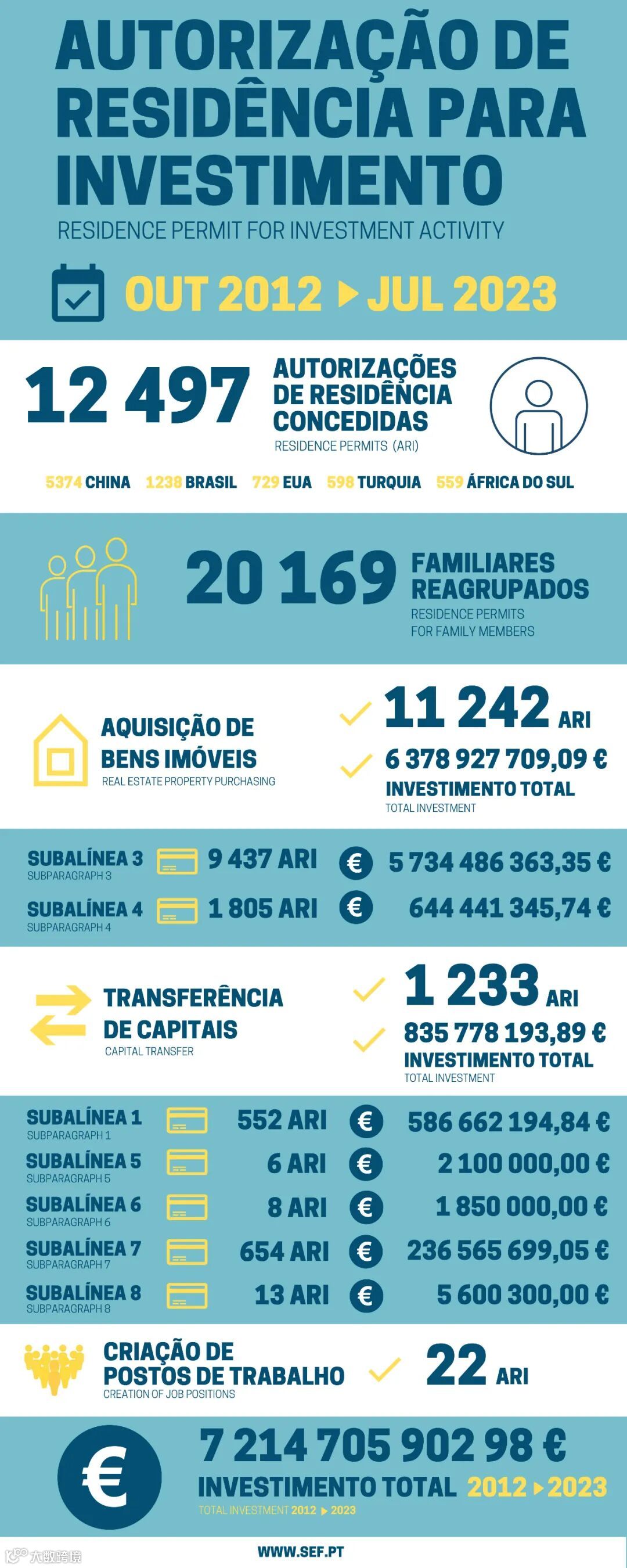 葡萄牙黄金居留签证是2012年推出的一项投资移民计划,根据7月葡萄牙移民局(SEF)数据统计,截至2023年7月——
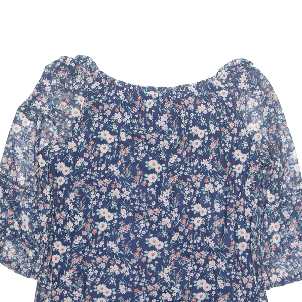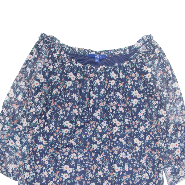 APT. 9 Womens Printed Blouse Blue Long Sleeve Floral M
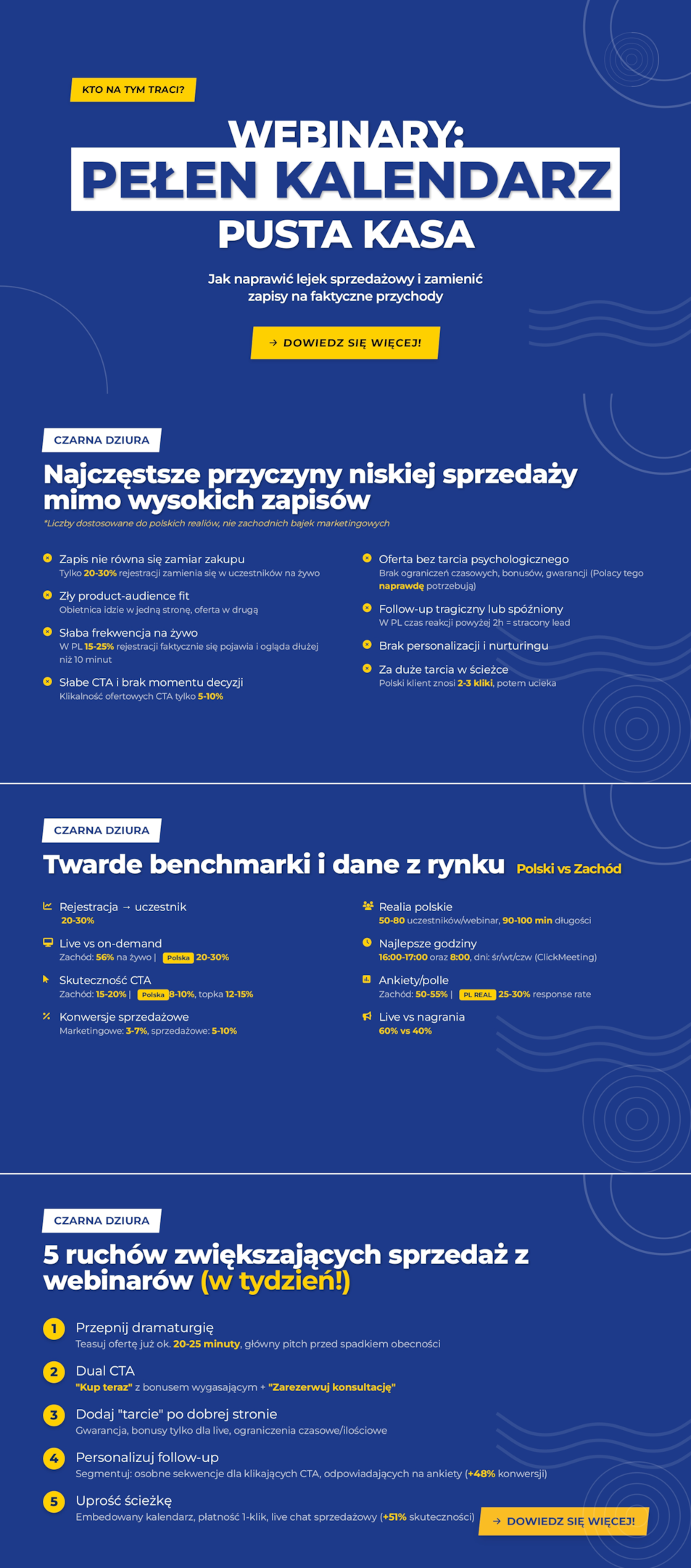 CTR oferty na webinarze: 15-20% to średnia, 25-30% to top. Masz poniżej 10%? Twoje CTA jest za słabe, niewidoczne lub źle umiejscowione. Pokaż CTA przed 70. minutą webinaru, powtórz 3-4 razy, dodaj natychmiastowy dostęp do bonusów dla klikających.

- PROBLEM TO SOLVE -
Could the data above be copied out exactly, with no pictures kept?

- EXPECTED ANSWER -
 葡萄牙黄金居留签证是2012年推出的一项投资移民计划,根据7月葡萄牙移民局(SEF)数据统计,截至2023年7月——
 APT. 9 Womens Printed Blouse Blue Long Sleeve Floral M
 CTR oferty na webinarze: 15-20% to średnia, 25-30% to top. Masz poniżej 10%? Twoje CTA jest za słabe, niewidoczne lub źle umiejscowione. Pokaż CTA przed 70. minutą webinaru, powtórz 3-4 razy, dodaj natychmiastowy dostęp do bonusów dla klikających.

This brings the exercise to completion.